Barahona Province
World's only larimar source (55,000 lbs exported 2024); former Salt Mountain (world's largest deposit); coal plant retirement planned by 2030-2035.
Barahona Province contains the world's only source of larimar—a blue pectolite gemstone found exclusively in the Sierra de Bahoruco. Over 2,000 shafts have been sunk at Los Chupaderos since 1974, extracting more than 55,000 pounds exported in 2024 alone to China, Switzerland, Peru, and India. Salt Mountain, west of Barahona city, was once the world's largest known salt deposit before mining depleted the massive 16km solid salt block. Bauxite from Alcoa operations (1959-1983) built the infrastructure that modern industry inherited.
The province's mining history sits alongside organic agriculture. Coffee and cocoa grow in the mountain slopes, while organic bananas contribute to exports. A free trade zone focused on textiles provides manufacturing employment, and the Barahona Carbón coal plant—scheduled for retirement by 2030-2035—signals the energy transition ahead. Mining resources here are among the Dominican Republic's most significant, alongside Sánchez Ramírez and Pedernales.
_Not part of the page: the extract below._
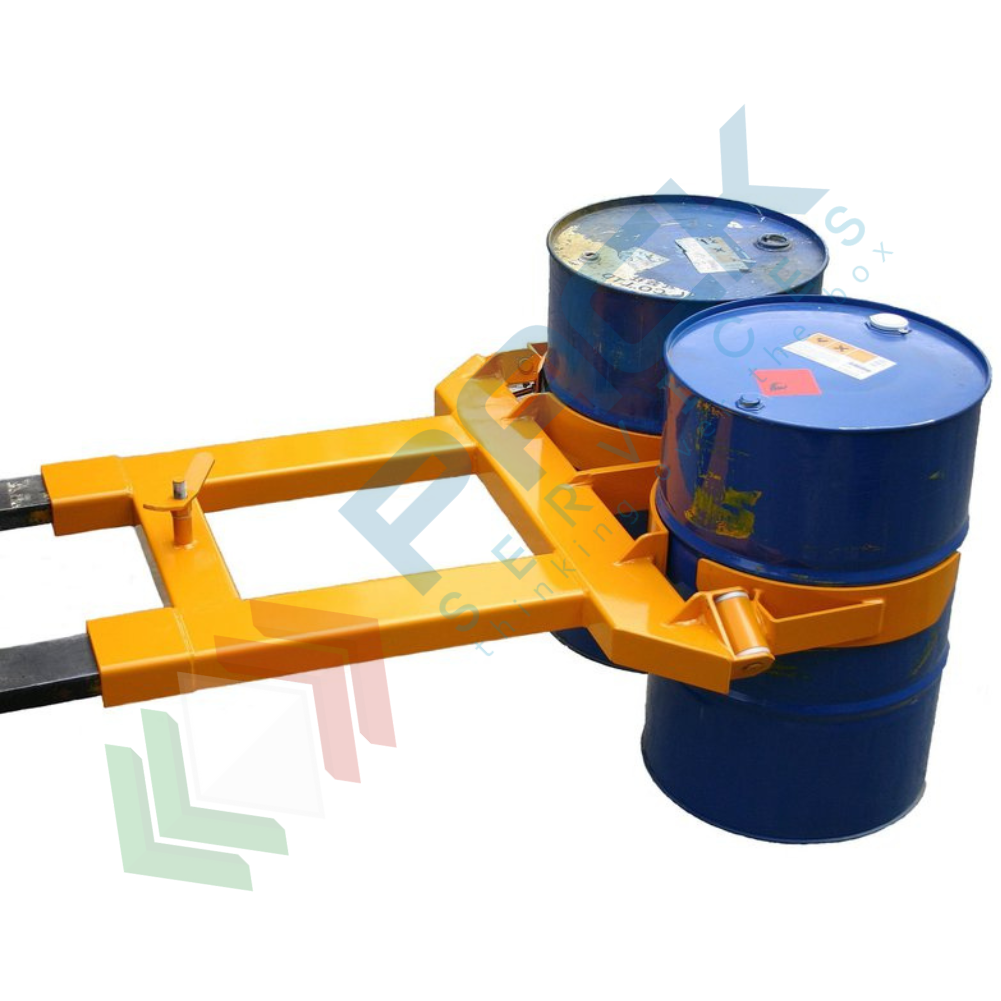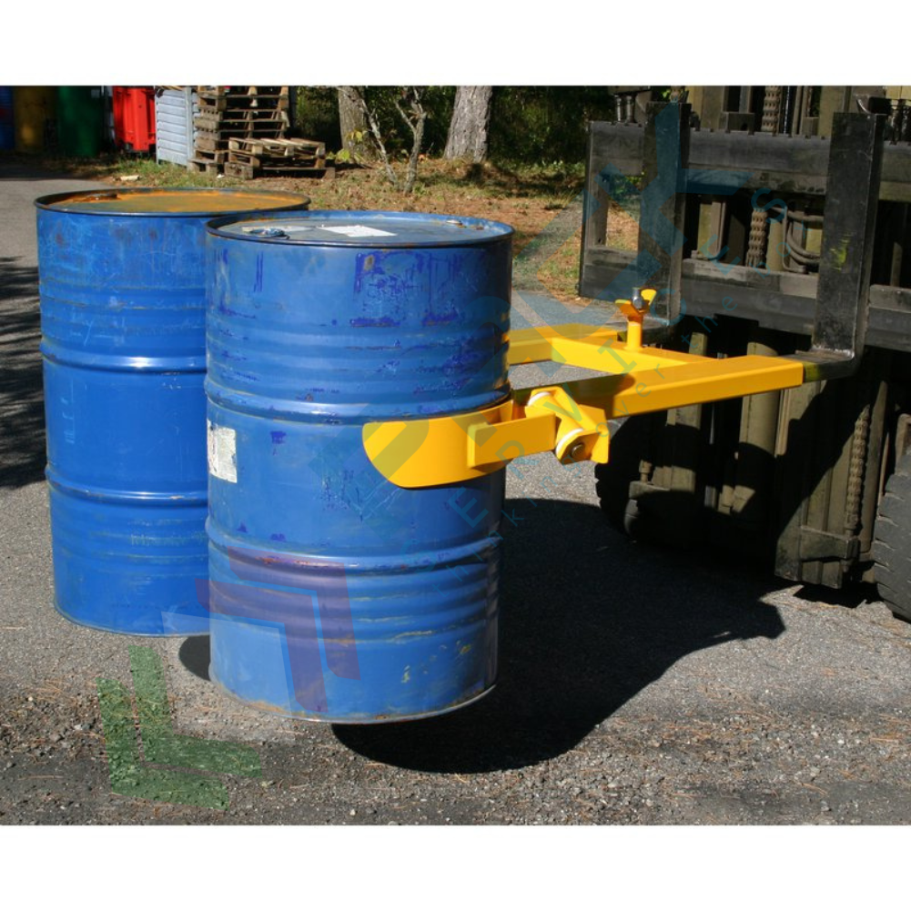 Pinza inforcabile bifusto applicabile alle forche del carrello elevatore (inforcabile) per la presa centrale di fusti in metallo. La pinza a presa centrale è ideale nel trasporto dei fusti standard metallici (fusti petroliferi), agganciandoli in modo semplice ed affidabile nella loro parte cilindrica; costruita in robusta carpenteria metallica con una forma abbastanza sottile offre un'eccellente visibilità di presa. Il fusto viene sollevato, trasportato e deposto automaticamente senza che loperatore debba scendere dal carrello elevatore. La pinza viene bloccata sulle forche del carrello elevatore in maniera semplice e sicura tramite staffa di serraggio.

By 2026, Barahona faces twin transitions: replacing coal power with renewables while professionalizing artisanal larimar mining. If sustainability initiatives improve mine safety and conservation practices while renewable energy investment arrives, the province could modernize its extractive economy. If coal retirement occurs without replacement energy sources and larimar mining remains informal, Barahona may sacrifice current livelihoods without gaining new ones.